Australia not spending enough on cyber security

The Australian government's new cyber security strategy does not go far enough in either scope or spending to address the "pace and scale" of emerging threats to the country, according to two University of NSW cyber security professors.

Professors Greg Austin and Jill Slay today published a discussion paper outlining a proposed policy agenda for the next federal government in dealing with cyber security, in response to the new national strategy released in late April.

The paper argues that Australian allies like the US and UK consider cyber security to be among their highest national priorities, but Australia does not.

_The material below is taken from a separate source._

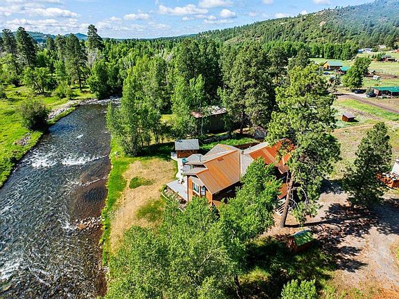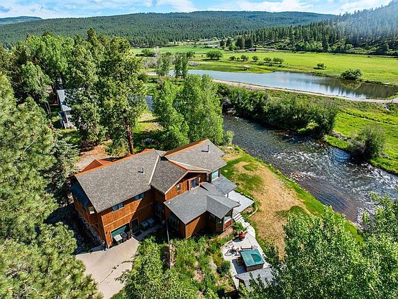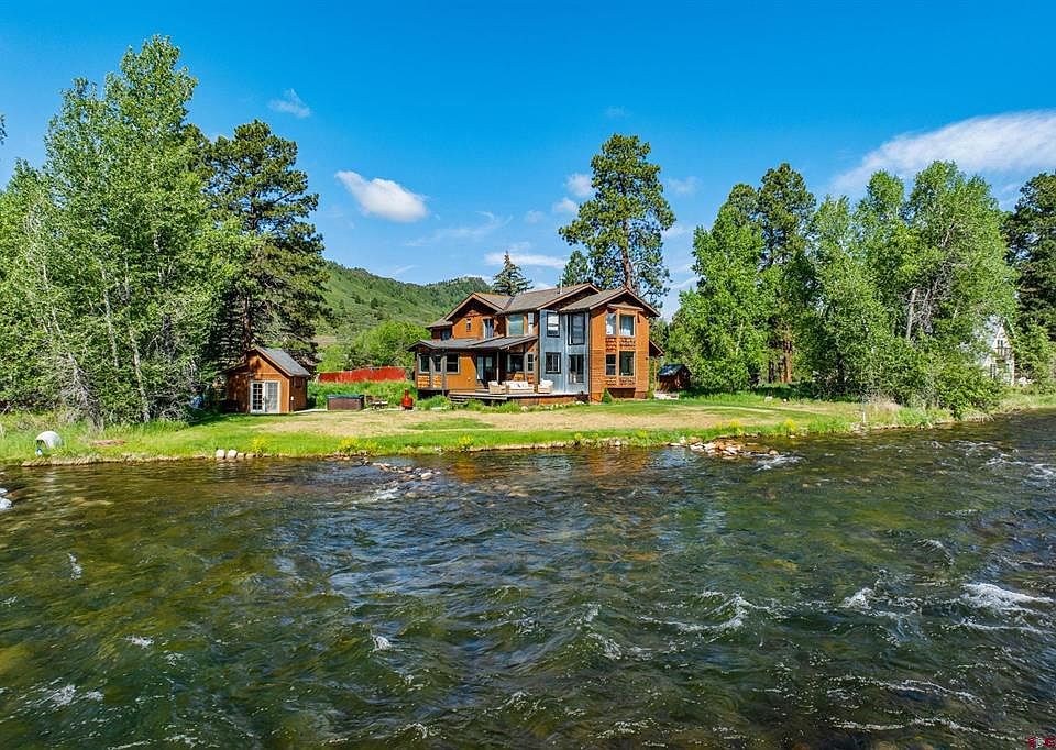 Riverside Mountain Retreat with Bunkhouse & Theater Room - Escape to your own private Colorado paradise with over 125 feet of private river frontage, a remarkable 3-bedroom, 3-bathroom mountain retreat, nestled on a full acre of lush and green land. With 3,600 sq. ft. of beautifully appointed living space, this home offers the perfect blend of rustic charm and modern comfort. Step inside and be greeted by an open-concept layout featuring a bright, spacious kitchen with wraparound counters, a cozy great room with panoramic windows, and a formal dining area perfect for entertaining. Enjoy movie nights in the dedicated theater room with tiered seating and surround sound or relax by the fire pit as the river flows just steps away. Outdoors, soak in the sweeping mountain views, relax in the private hot tub, or unwind on the expansive lawn beside the crystal-clear Pine River. A detached bunkhouse adds flexible space for guests, hobbies, or a potential rental unit. With a private garage, string-lit patio, and year-round natural beauty, this home is ideal as a forever residence, family getaway, or income-generating vacation rental. Whether you’re looking for a peaceful retreat or a unique investment opportunity, this one-of-a-kind riverside gem is ready to welcome you home.
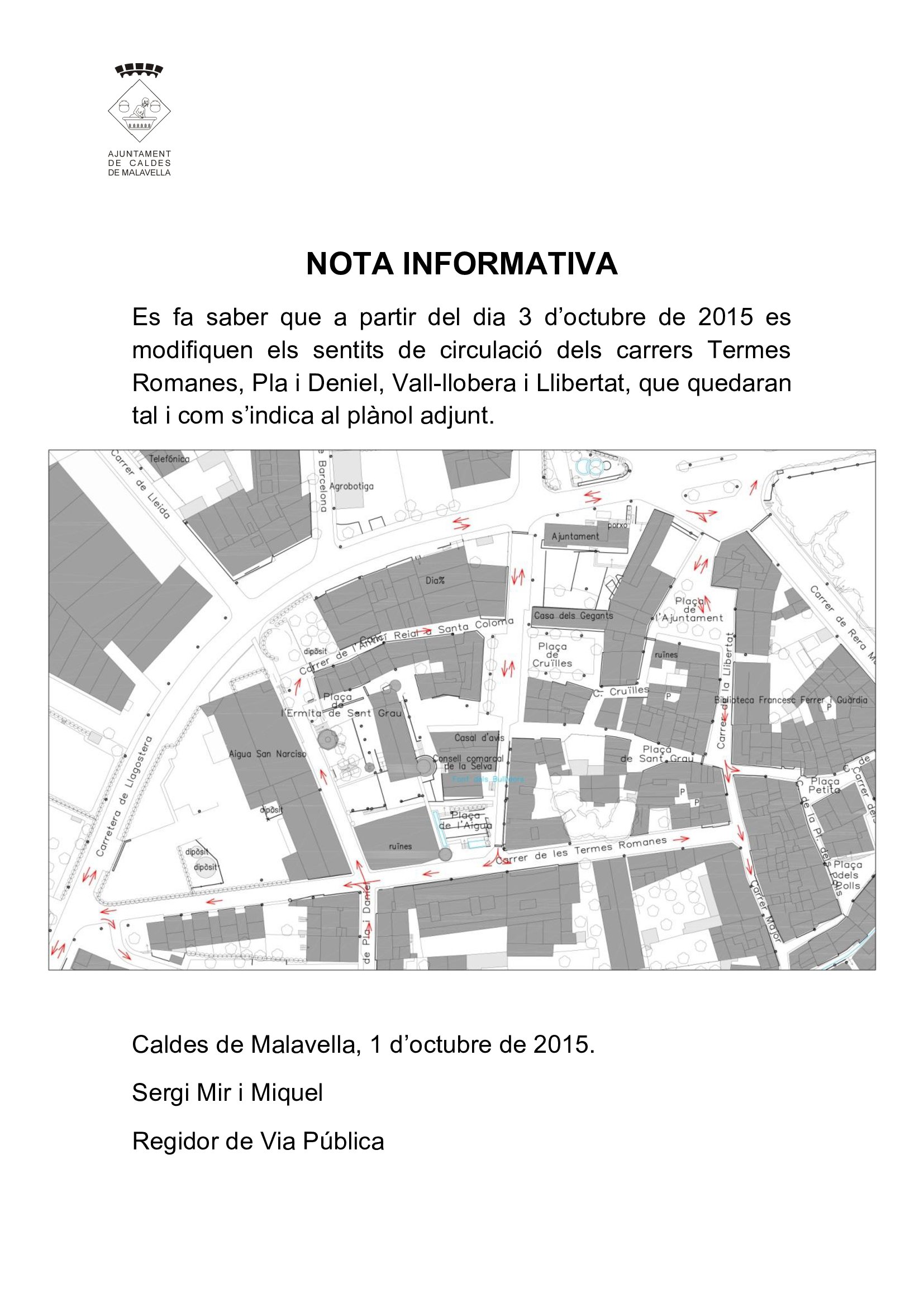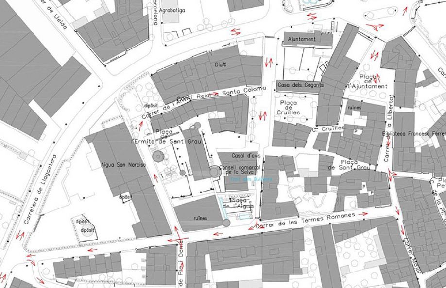 A partit del dissabte 3 d'octubre es modificaran els sentits de circul·lació amb cotxe als carrers Termes Romanes, Pla i Daniel i Llibertat de la manera com es presenta en el mapa:

The UNSW professors categorised Australia's cyber posture as "lagging" in terms of policies to counter cyber crime, protect critical infrastructure, and provide world-class research and education.

"Immediate" action is needed to better protect Australians from cyber criminals, Austin and Slay wrote.

They criticised Prime Minister Malcolm Turnbull's preface to the cyber security strategy as "lacking contours and baselines".

In the preface, Turnbull labels the scale and reach of malicious cyber activity as "unprecedented" and notes increasing and evolving threats, warning Australians to be prepared for an undisclosed "significant cyber event".

"The strategy’s commitment, one of five major undertakings, to ensure 'Australia’s networks and systems are hard to compromise and resilient to cyber attacks' is one that will not be achievable for a decade at least because of the threat trends and the low level of global preparedness attested by leading international authorities and Australia’s own ASIO, various Defence Department reports and independent assessments of them," Austin and Slay wrote.

While the strategy is "ambitous" and "mature and nuanced", the professors wrote, it is not matched by adequate spending to deal with the issues detailed in the document.

The government has allocated $230 million to the strategy, with more than $122 million shifted out from the Department of Defence.

Conversely, US President Barack Obama has proposed a US$5 billion (A$6.62 billion) hike in cyber security funding for the fiscal 2017 budget to US$19 billion, while the UK government last year announced plans for a £1.9 billion (A$3.5 billion) investment in cyber security.

The UNSW professors, however, applauded the government for measures like joint threat-sharing centres, the creation of high-level cyber positions within the government and public sector, and commitments to expand the resources of the Australian Signals Directorate.

But many of the strategy's commitments are "fairly generalised and lack granularity", the professors wrote, such as vague promises to increase the number of cyber security graduates and women in the industry.

"The strategy gives no strong sense of when we might expect to see impacts from the measures announced on the security in cyber space of Australian citizens and enterprises," Austin and Slay wrote.

They said the strategy could not be considered mature until the government openly discusses the threat scenarios the country currently faces and has developed responses to such situations, or until it establishes a civil defence strategy to respond to an "extreme cyber emergency". 

The professors made seven recommendations for the government to improve Australia's cyber security posture.

It should develop a cyber defence league similar to that seen in Estonia to address awareness and capability deficiencies; Australia should either join NATO's cyber centre of excellence or build its own version in APAC; and the states and Commonwealth should honour a 2010 commitment to provide comprehensive statistics on cyber crime investigations and prosecutions.

A national cyber crime fighting unit should be created and funded with at least $20 million per year to help capture and convict more cyber criminals, Austin and Slay said.

And a cyber advisory board should be established to communicate future threats and advise on responses; a private-public working group should be set up to create a strategy for handling critical infrastructure; and a national cyber security college should be established to deal with cyber skills issues, they wrote.